27 mars 2006

Le mot du jour #2

Recouvrement éventuel des concepts – élément manquants – éléments fournis – éléments fournis manquants – zeugma pour les lecteurs avertis – universalité de Rome – sens caché du mot du jour – succession regrettable des surprises – poules d’attelage – dos d'âne - de chameau - de stégosaure – caractère littéraire du reste


Le mot du jour sera aujourd’hui une expression. Pour ceux que cela chagrine, ils pourront toujours se dire qu’il s’agit de l’expression du jour. Pour ceux que cela indiffère : soit.
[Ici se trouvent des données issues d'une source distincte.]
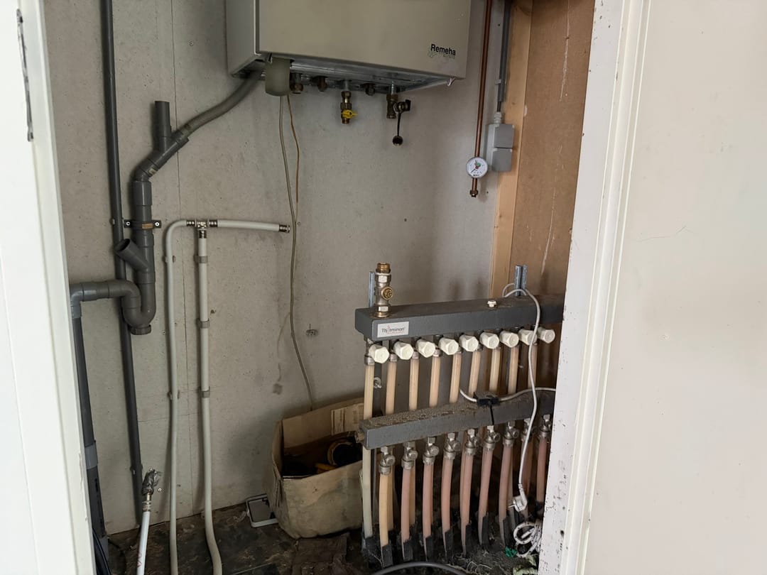 Op de begane grond zijn in de vloer (deels) buizen gelegd voor vloerverwarming.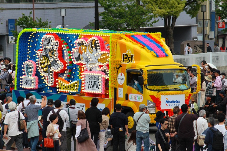 メインイベントは、明治通りを舞台にした「どんたく広場」のパレード。約1.2kmの区間を、個性豊かな「どんたく隊」が次々と行進します色鮮やかな「花自動車」や伝統的な踊りなどが次々と披露されるなか、今年は3日のパレードに大河ドラマ『豊臣兄弟!』に出演中の仲野太賀さんと池松壮亮さん(福岡市出身)が参加することもあり、盛り上がりが期待されます。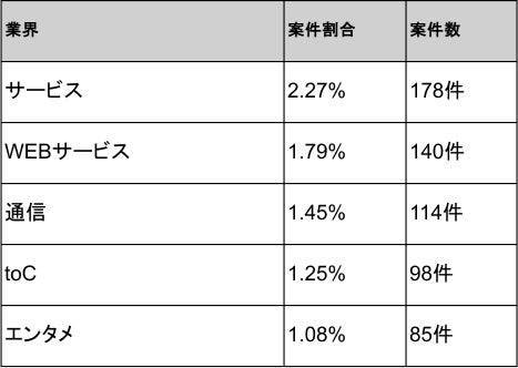 2025年10月時点のSwift案件は、サービスが2.27%(178件)で1位、Webサービスが1.79%(140件)で2位、通信が1.45%(114件)で3位、toCが1.25%(98件)で4位、エンタメが1.08%(85件)で5位となり、上位5業界で全体の約7.8%を占めています。
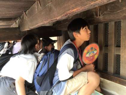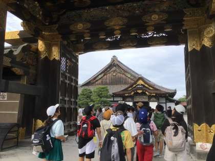 修学旅行 1日目 二条城 公開日 2023/09/26 更新日 2023/09/26 各学年から 世界遺産の二条城へ来ました。 「キュッキュッ」と鳴る、うぐいす張りの床を歩きながら、大政奉還の舞台を見学しました。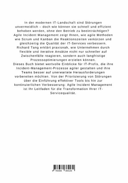 In der modernen IT-Landschaft sind Störungen unvermeidlich - doch wie können sie schnell und effizient behoben werden, ohne den Betrieb zu beeinträchtigen? Agile Incident Management zeigt Ihnen, wie agile Methoden wie Scrum und Kanban die Reaktionszeiten verkürzen und gleichzeitig die Qualität der IT-Services verbessern. Richard Tang erklärt praxisnah, wie Unternehmen durch flexible und iterative Ansätze nicht nur schneller auf Zwischenfälle reagieren, sondern auch langfristige Prozessoptimierungen erzielen können.Dieses Buch bietet wertvolle Einblicke für IT-Profis, die ihre Incident-Management-Prozesse agiler gestalten und ihre Teams besser auf unerwartete Herausforderungen vorbereiten möchten. Von der Priorisierung von Störungen über die Einführung effektiver Tools bis hin zur kontinuierlichen Verbesserung: Agile Incident Management ist Ihr Leitfaden für die Transformation Ihrer IT-Servicequalität.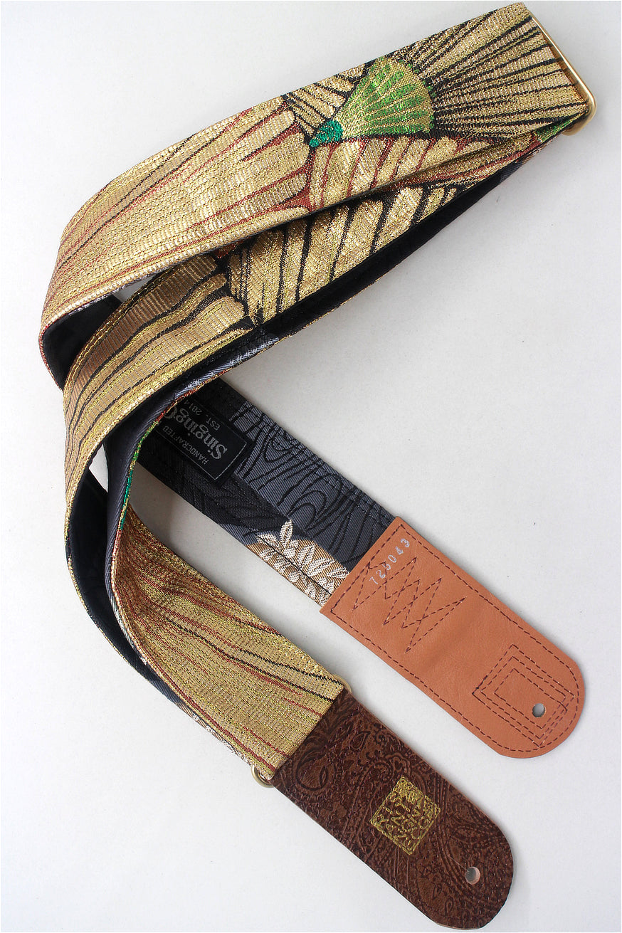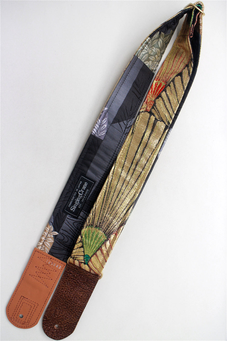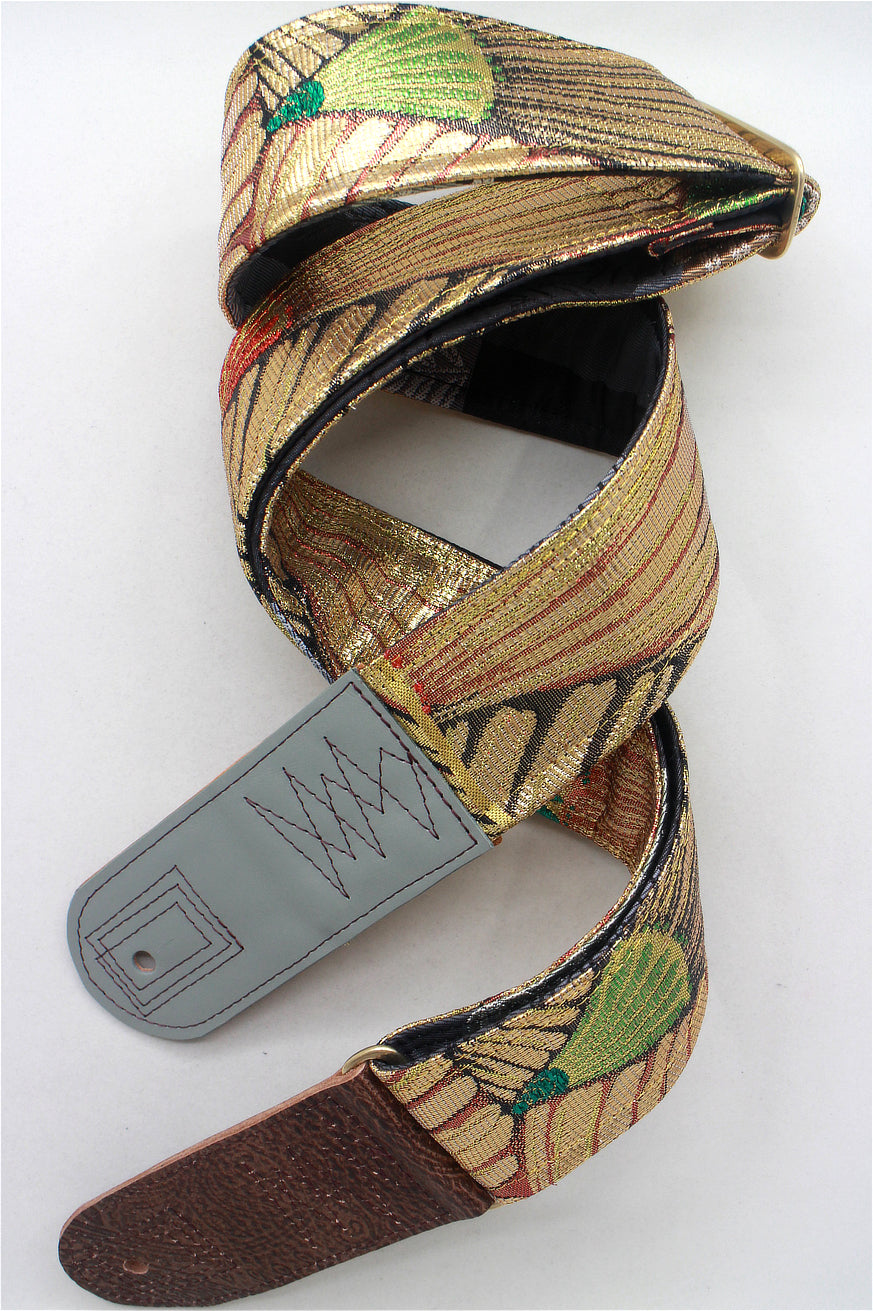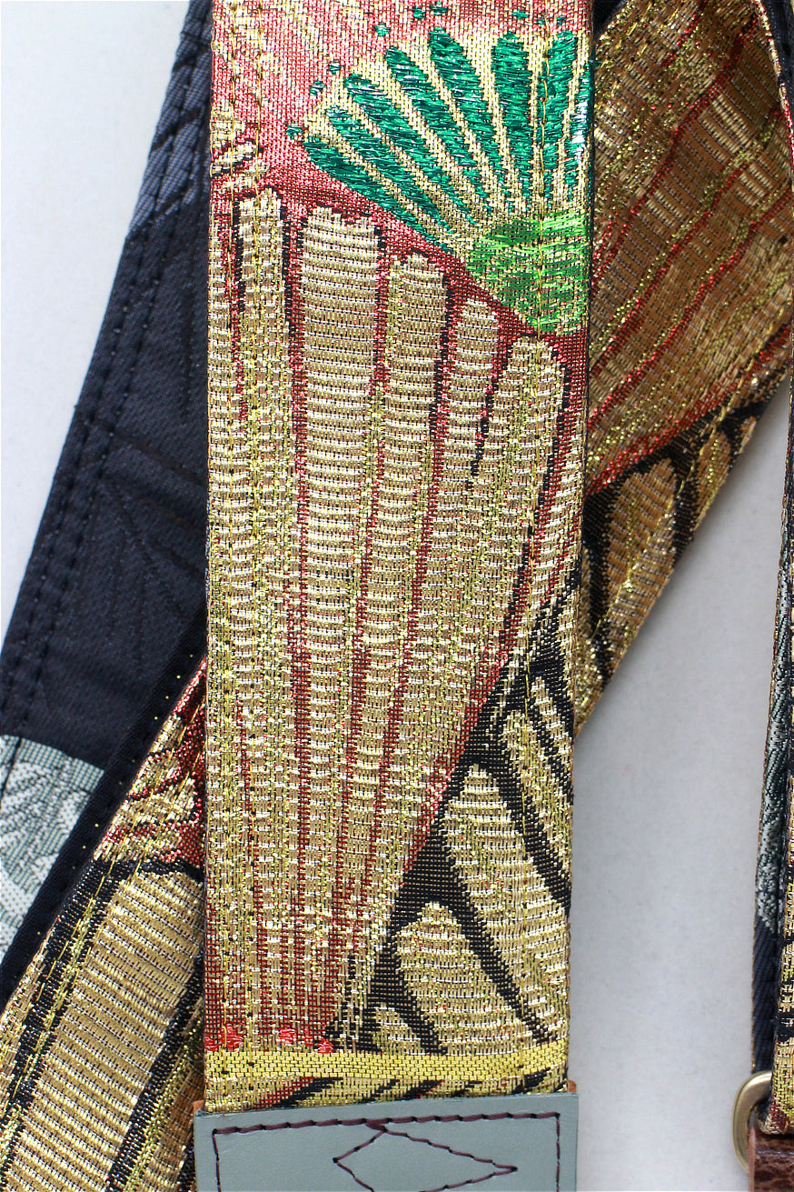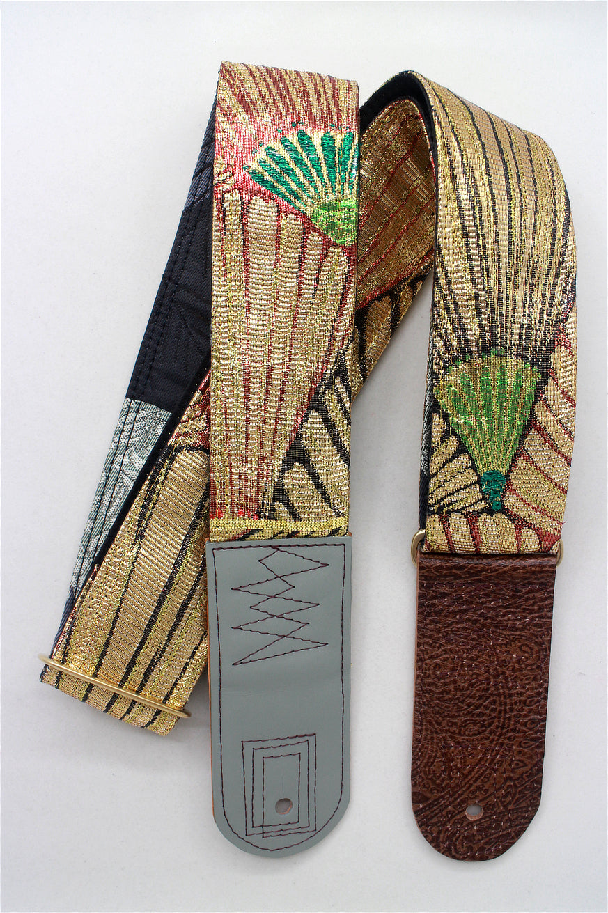 Unique and beautiful guitar strap [SC725043] - hand made in Japan from recycled silk woven kimono obi, leather and brass

Et ce mot qui est une expression c’est connaître la route. Ce qui ici est tout un programme. A mon arrivée à Brazzaville, je n’avais : a) pas de voiture, b) pas de permis, c) pas de chauffeur, d) de connaissance de la ville. Ainsi, j’en étais réduit à demander un peu pour pouvoir sortir. Mais cet état ne dura pas, car rapidement on m’accorda : a) une voiture, que je laisse cependant à la disposition de l’agence au cours de la journée, mais qui est mienne quoi qu’il advienne soirs et week-ends, b) un permis de conduire congolais, ce qui ne change rien mais augmente un peu la conformité aux règles, c) un chauffeur en journée, car il faut ce qu’il faut.
Tout lecteur attentif notera qu’il manque un point, à savoir le point d), qui stipule la connaissance de la ville.
Et comme c’est en mouchant qu’on devient moucheron, j’ai pris mon courage et le volant à deux mains, et je me suis lancé dans la ville. Finalement, pas trop de mal à me souvenir des rues à emprunter, des routes à prendre et des impasses à éviter. Brazzaville est une petite ville, et on a vite fait de connaître les chemins qui mènent aux Romes locales.
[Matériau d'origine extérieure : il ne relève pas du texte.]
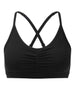 Medium-impact sports bra. Elasticated under bust for added support. Ruched detailing to centre front. Cross back straps with adjusters. Removable padding inner. Panel detailing to back with mesh detail centre. BSCI certified. SEDEX certified. WRAP certified.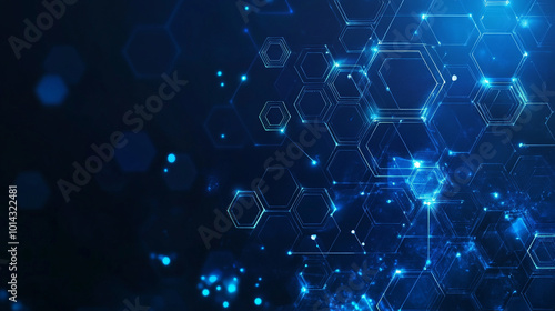 Blue geometric shape abstract technology background: modern digital design featuring intricate patterns, Abstract blue background with hexagons and connections and glowing particles.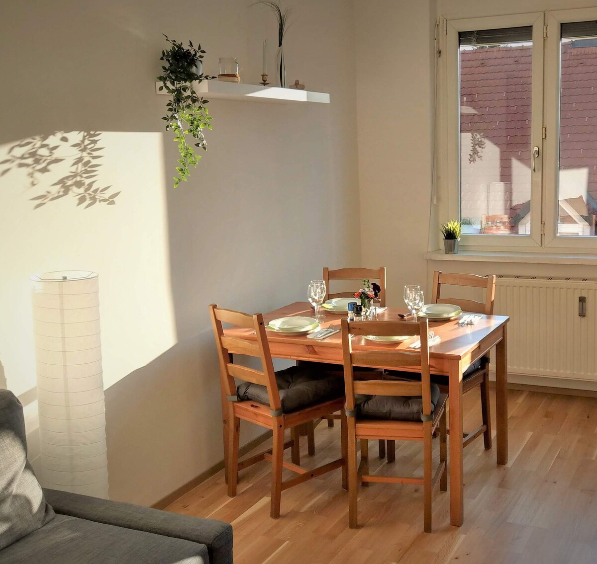 Fühl dich wie zuhause! Die ideale Unterkunft für dich - egal ob für die Arbeit, Eventbesuche oder ein Städtetrip mit deinen Liebsten. Die liebevoll eingerichtete Altbauwohnung umhüllt dich mit ihrem Charme - und das ab dem ersten Augenblick. Mit Liebe zum Detail wurde auf alles Rücksicht genommen, was du bei deinem Aufenthalt brauchst. Neben der voll ausgestatteten Küche, großem Wohnzimmer und einem modernen Arbeitsplatz (High Speed Wifi) bietet die Wohnung dir ein tolles Bad mit Waschtrockner.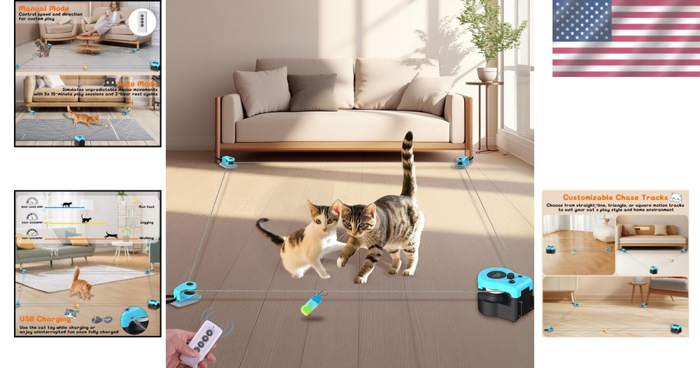 Interactive Cat Toy with Remote Control - 3 Speeds ‹ › ‹ › ‹ › ‹ › ‹ › ‹ › ‹ › ‹ › Interactive Cat Toy with Remote Control - 3 Speeds Unleash Your Cat's Inner Hunter Ignite your feline friend's curiosity with our Interactive Cat Toy, a remarkable treadmill designed to mimic natural hunting instincts! With a self-rotating wheel boasting three adjustable speeds, this toy invites your cat to engage in play, burn energy, and minimize boredom. Safety and Durability at Its Best Whisper-quiet motor ensures a peaceful environment for both you and your cat. Non-slip running belt guarantees a secure grip for safe play. Rounded edges and chew-resistant materials protect paws and teeth, making it suitable for kittens and adult cats alike. Promote Healthy Movement Transform fitness into an entertaining activity! Our adjustable cat treadmill encourages healthy movement with customizable speeds, supporting indoor cats in remaining active, fit, and mentally stimulated—free from any forced workouts. Fun for Multi-Cat Households Versatile design allows you to attach feathers or dangling toys to the treadmill’s hook for endless fun. Perfect for multi-pet families—let your furry friends sprint, chase, and play together! Compact and sturdy, this treadmill integrates perfectly into any room, ideal for apartments or larger homes. The Ideal Choice for Cat Lovers With innovation stemming from patented technology, our Interactive Cat Toy is more than just a plaything—it's a vital addition to your pet's lifestyle that harmoniously combines fun and fitness. Don’t let your cat miss out on the joy of interactive play! Invest in their health and happiness today! Shipping Free & Fast Shipping - We offer free shipping to most of the USA with a normal delivery time of 3-10 business days. However, due to various situations, additional delivery time (up to 3 weeks) may be required for some items. Alternative Carriers - We may use alternative carriers (e.g. USPS, FedEx, UPS, etc.) to ensure your package arrives safely and on time. Due to the use of multiple carriers, we are unable to provide a tracking number automatically. Handling Time - Orders are processed and shipped within 1-5 business days of receiving cleared payment. Shipping Restrictions - Shipping to Alaska, Hawaii, Puerto Rico, Guam, and other US territories may incur shipping charges or delivery restrictions. Please contact us before ordering, or your order can be refunded/cancelled. State Restrictions - There may be restrictions based on your state of purchase. For example, certain items may not be shipped to California due to state regulations. Contact for Tracking Updates - If you require tracking updates or have any concerns about the delivery of your order, please feel free to contact us, and we will be happy to assist you. Return 30-Day Hassle-Free Returns - We want you to be completely satisfied with your purchase. If you are not, you can return the item within 30 days of receiving it for a full refund or exchange. Easy Return Process - To start a return, simply contact us and we will provide you with a prepaid return shipping label and detailed instructions. Restocking Fee - There are no restocking fees for returns. However, the buyer is responsible for return shipping costs if the return is not due to a seller's error. Refund Processing Time - Refunds will be processed within 5 business days of receiving the returned item in its condition. Payment We accept all major credit cards, PayPal, and Apple Pay for your convenience. Your payment information is secure and encrypted to ensure a safe and seamless transaction. Please complete your payment within 3 days of purchase to avoid any delays in shipping. Feedback Your feedback is extremely important to us. We strive to provide the best products and customer service possible. If you are satisfied with your purchase, please take a moment to leave us a positive review. If you have any concerns or issues with your order, please contact us before leaving negative feedback. We are committed to resolving any problems and ensuring your satisfaction. Contact Us If you have any questions or concerns, please feel free to out to our customer support team. You can contact us through the eBay messaging system. We are available Monday to Friday, 9:00 am to 5:00 pm EST, and we will do our best to respond to your inquiry within 24 hours. Buy it now and enjoy a pleasant shopping experience! Unit Quantity: 4.88 Features: Interactive,Engaging,Adjustable Speeds,Safe for Kittens and Adults,Whisper-Quiet Motor,Non-Slip Running Belt,Rounded Edges,Chew-Resistant Materials,Supports Weight Management,Promotes Healthy Movement,Customizable Speeds,Multi-Cat Use,Compact Design,Easy to Assemble Type: Interactive Toy

Le plus inattendu, à vrai dire, et ce que signifie réellement ici connaître la route, ce n’est pas avoir le plan de la ville en tête, mais bien plutôt connaître l’état de la chaussée sur laquelle on circule. Ainsi, à la surprise de voir toutes les voitures devant soit se placer au milieu de la chaussée avec une détermination qui force le respect, cède bientôt la surprise de sentir la monstrueuse ornière dans laquelle on a commis l’imprudence de placer sa roue… Et la prochaine fois, on se décalera.
La ville entière est comme ça, le goudron a très souvent cédé par endroits, et laisse apparaître des trous profonds de dix à vingt centimètres, ce qui n’est pas rien, que l’on pourrait appeler nids de poule si on avait en tête des poules bien préhistoriques de cinquante centimètres au garrot, des poules d’attelage en quelque sorte.

Car connaître la route, c’est pouvoir rouler vite sans craindre de casser un essieu dans une crevasse de la chaussée, et surtout, c’est savoir sont les creux (et également où sont les bosses), les dos d’âne, les dos de chameau, les dos de stégosaure. Une fois cette connaissance acquise, la géographie des lieux vient toute seule, et l’on sait également quel chemin emprunter pour se rendre à destination. Et le reste n’est que littérature.